Compared with levodopa, dopamine agonists are associated with fewer motor complications in the first 5 years of the disease, but it is unclear whether this translates into benefits in the long term when these problems become more significant. Although all clinical trials demonstrate a lower efficacy compared with levodopa, this difference does not seem to affect quality-of-life scores in early disease.Because of the lower incidence of motor complications, dopamine agonists had been typically used as initial therapy in younger patients, then levodopa would be added in the case of poor tolerance or inadequate benefit, or later because of waning efficacy of the dopamine agonist; however, this strategy is being re-examined and the use of levodopa in younger patients is rising.

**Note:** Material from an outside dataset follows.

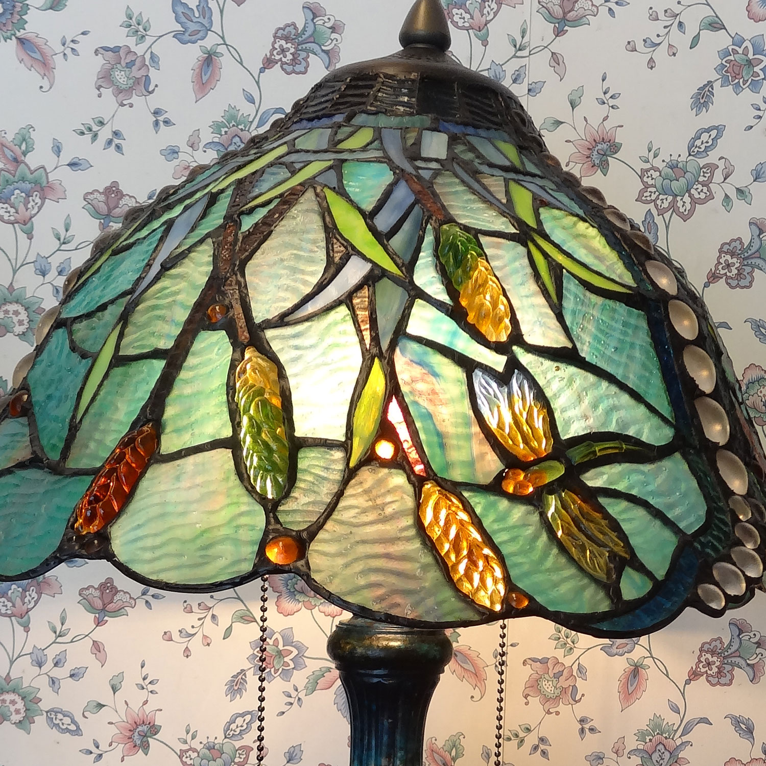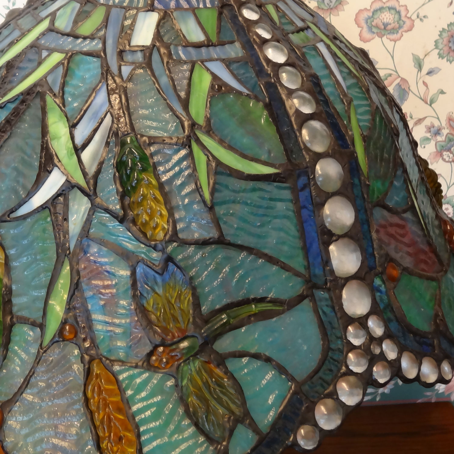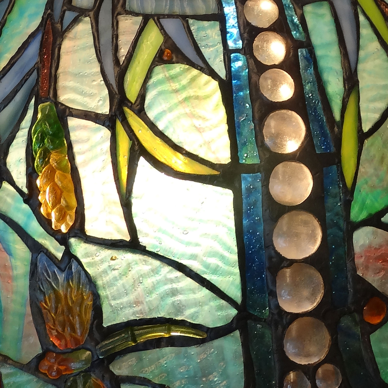 古来よりアメリカで作られていた波打ったガラスも使われていて、ティファニーランプの時代を反映された作品となっています。

Because bromocriptine can cause pulmonary fibrosis, the newer, non-ergot dopamine agonists (pramipexole and ropinirole) are better choices. Daytime sleepiness or sudden irresistible attacks of sleep can occur with all of the dopamine replacement medications, including levodopa, but occur more frequently with dopamine agonists compared with levodopa.Impulse control disorders such as hypersexual behaviour or pathologic gambling occur in up to 50% of patients taking dopamine agonists. It is important to discuss these significant side effects with your patient. Additional difficulties with dopamine agonists, compared with levodopa, include more GI upset, orthostatic hypotension and psychiatric reactions (hallucinations and confusion); in addition, supplementary levodopa is almost always required for supervening disability after varying periods of time. For these reasons, there has been a shift away from using dopamine agonists.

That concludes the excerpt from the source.